从QR分解中获取帽子矩阵，用于加权最小二乘回归

Question

I am trying to extend the lwr() function of the package McSptial , which fits weigthed regressions as non-parametric estimation. In the core of the lwr() function, it inverts a matrix using solve() instead of a QR decomposition, resulting in numerical instability.
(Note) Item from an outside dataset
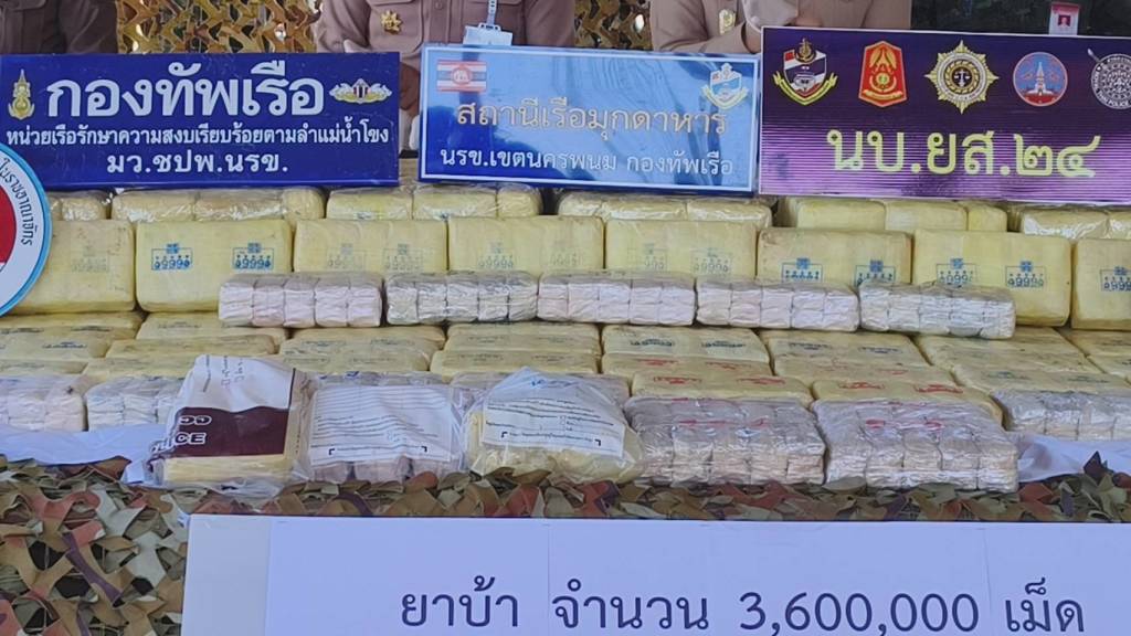 สืบเนื่องจากเมื่อวันที่ 24 ตุลาคม น.ท.เตชธร ฉิมพาลี หัวหน้าสถานีเรือมุกดาหาร ได้รับแจ้งจากสายลับว่าจะมีขบวนการค้ายาเสพติดข้ามชาติ ลักลอบลำเลียงยาเสพติดข้ามแม่น้ำโขงเข้ามาในพื้นที่ อ.เมือง จ.มุกดาหาร จึงได้สั่งการให้ชุดปฏิบัติการสถานีเรือมุกดาหาร พร้อมทั้งประสานหน่วยงานความมั่นคงในพื้นที่ เพื่อบูรณาการปฏิบัติร่วมกัน วางแผนในการสกัดกั้นและจับกุมโดยการเฝ้าสังเกตการณ์ และจัดวางกำลังตามเส้นทางคมนาคมที่คาดว่าผู้กระทำผิดจะใช้เป็นเส้นทางในการหลบหนี จนกระทั่งเวลาประมาณ 20.30 น. ชุดเฝ้าตรวจบริเวณริมฝั่งแม่น้ำโขงได้ยินเสียงเรือแล่นเข้ามาบริเวณฝั่งระยะห่างจากจุดซุ่ม ประมาณ 300 เมตร พร้อมกับได้ยินเสียงรถยนต์วิ่งมาบริเวณดังกล่าว ชุดซุ่มเฝ้าตรวจจึงได้นำกำลังเข้าไปบริเวณดังกล่าว และสังเกตเห็นว่ามีการลำเลียงกระสอบขึ้นรถยนต์ยี่ห้อ ISUZU รุ่น MU X สีขาวทะเบียน ขก 7917 อุดรธานี จากนั้นรถยนต์คันดังกล่าวได้เคลื่อนตัวออกไปอย่างรวดเร็ว ขณะที่เรือลำเลียงก็ได้วิ่งกลับฝั่ง สปป.ลาว จึงแจ้งให้เจ้าหน้าที่ไล่ติดตามรถยนต์เพื่อจะขอตรวจค้น แต่รถยนต์คันดังกล่าวเมื่อเห็นเจ้าหน้าที่ก็ได้เร่งเครื่องขับหลบหนี กระทั่งต่อมาได้ติดตามพบรถต้องสงสัยคันดังกล่าวจอดทิ้งไว้บริเวณริมถนนติดกับสวนยางพารา ริมทางสาธารณะบ้านหนองโจด ม.13 ต.บ้านโคก อ.เมืองมุกดาหาร จ.มุกดาหาร จึงได้เข้าเข้าตรวจค้นรถยนต์คันดังกล่าว พบกระสอบสีขาว จำนวน 9 กระสอบ อยู่ที่ด้านหลังตัวรถ เมื่อเปิดกระสอบบอกดูพบยาบ้าจำนวน 3,600,000 เม็ด จึงได้ตรวจยึดไว้เป็นของกลางและนำส่งพนักงานสอบสวน สภ.ผึ่งแดด เพื่อทำการสืบสวนสอบสวนเพื่อขยายผลและติดตามจับกุมผู้กระทำผิดมาดำเนินคดีตามกฎหมายต่อไป

I would like to change it but can't figure out how to get the hat matrix (or other derivatives) from the QR decomposition afterward.

With data :

set.seed(0); xmat <- matrix(rnorm(500), nrow=50)    ## model matrix
y <- rowSums(rep(2:11,each=50)*xmat)    ## arbitrary values to let `lm.wfit` work
w <- runif(50, 1, 2)    ## weights

The lwr() function goes as follows :

xmat2 <- w * xmat
xx <- solve(crossprod(xmat, xmat2))
xmat1 <- tcrossprod(xx, xmat2)
vmat <- tcrossprod(xmat1)

I need the value of, for instance :

sum((xmat[1,] %*% xmat1)^2)
sqrt(diag(vmat))

For the moment I use reg <- lm.wfit(x=xmat, y=y, w=w) but cannot manage to get back what seems to me to be the hat matrix ( xmat1 ) out of it.

Answer 1

This old question is a continuation of another old question I have just answered: Compute projection / hat matrix via QR factorization, SVD (and Cholesky factorization?) . That answer discusses 3 options for computing hat matrix for an ordinary least square problem, while this question is under the context of weighted least squares. But result and method in that answer will be the basis of my answer here. Specifically, I will only demonstrate the QR approach.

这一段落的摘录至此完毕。